A recap of the first workshop on Safety for Conversational AI
Emily Dinan, Program Chair, Facebook AI
Verena Rieser, Program Chair, Heriot-Watt University
Alborz Geramifard, Program Committee, Facebook AI
Zhou Yu, Program Committee, UC Davis
Over the last several years, neural dialogue agents have vastly improved in their ability to carry a chit-chat conversation with humans. However, these models are often trained on large databases from the internet, and as such, may learn undesirable behaviors from this data such as toxic or biased language. Additionally, these models may prove unsafe in other ways: they may provide unsound medical advice or not appropriately recognize and respond to messages indicating self-harm. This creates a host of challenges. What should the scope of “safety” be, and who decides what is acceptable or not? What types of safety assurances should be met before releasing a model for research or production? How can we quantify progress? How do we give voice to potentially affected parties in the process? And even if we could define the meaning and scope of “safety”, how do we solve the technical challenge of controlling our models such that they do not produce undesirable outputs?
We organized this workshop in order to bring together elite researchers and practitioners from across academia and industry to identify and discuss key technical and ethical challenges related to safety for conversational systems. In this post we will summarize key takeaways from the workshop and make two recommendations for next steps.
The first workshop on Safety for Conversational AI was held virtually on Thursday, October 15, 2020. Over 80 students, researchers, and engineers from academia and industry attended the workshop to envision safer and better-behaved neural conversational AI models. The day featured two keynotes, 9 short talks, and breakout sessions and concluded with a discussion with a panel of experts.
Barbara Grosz of Harvard University and Yulia Tsvetkov of Carnegie Mellon University gave the two keynotes at the workshop. Barbara opened the day with a refresher on dialogue theory foundations and a call to action: teach ethical reasoning to computer scientists. She reminded the audience of faculty, students, researchers, and product folks that we are working with socio-technical systems, and as such, we need to work closely with ethicists and social scientists. Barbara also noted that system bias is not only limited to systems learning from data: it can also originate from human design choices.
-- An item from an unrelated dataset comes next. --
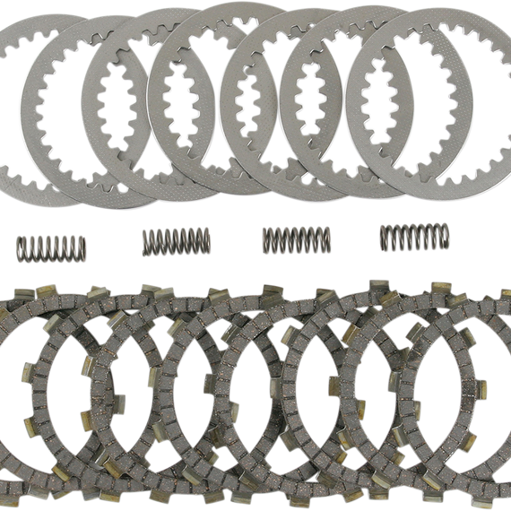 Caracteristicas: Anti-swell, alloy-impregnated heavy-duty cork-based facings for smooth clutch take-up Allow modulation, unlike paper clutches that tend to snatch Complete engine set of friction plates, HD springs and steel separator plates prevent premature driven plate wear, oil muddying and loss of stack height Built with swagged aluminum carriers that spread the load on the clutch basket and prevent clutch basket "dogging" 10-15% uprated heavy duty clutch springs Not for use with 100% synthetic oil

Yulia followed with a talk on social bias in conversational AI systems. She emphasized the high stakes of this problem, including the cognitive toll taken on by underrepresented groups when forced to confront biases and stereotypes. Yulia also noted that previous attempts to remedy these issues have largely been reactive and focused primarily on hate speech. She urged the community to move toward more proactive approaches, and consider the full spectrum of toxic language, including objectifying comments, microaggressions and other forms of covert toxicity.
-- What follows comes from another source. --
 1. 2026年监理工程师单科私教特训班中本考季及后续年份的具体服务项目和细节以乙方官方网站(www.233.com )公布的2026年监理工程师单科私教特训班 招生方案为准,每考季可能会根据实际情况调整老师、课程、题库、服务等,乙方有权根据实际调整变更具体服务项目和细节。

Following the keynotes, we heard short talks from nine researchers, who discussed topics ranging from the dangers of providing inappropriate medical advice to existing frameworks for ethical research. Others discussed empirical observations and techniques for improving our systems, like methods for training safer chatbots, dynamic data collection, or response strategies for dealing with user abuse.
Prior to the workshop, we sent a survey to all attendees that asked questions that centered around the topic of releasing dialogue models — both to the research community (like BlenderBot or DialoGPT) and in the form of a product (like Xiaoice or Tay or Siri). In particular, the questions aimed to get at the tradeoff between releasing safe conversational AI models and being able to do open, reproducible research. Among the 56 workshop participants who answered the survey, the breakdown of responses for how and when to release dialogue models to the research community was as follows:
- 3.6% Never release: models should never be released unless it can be guaranteed that they are 100% safe
- 28.6% Always release: models should always be released as reproducible research is key to scientific progress
- 67.8% Sometimes release: models should be released sometimes; either with appropriate safeguards or after certain steps have been taken
Other notable results from the survey include:
- 91.1% of those surveyed responded that open, reproducible research on conversational AI systems was important to them.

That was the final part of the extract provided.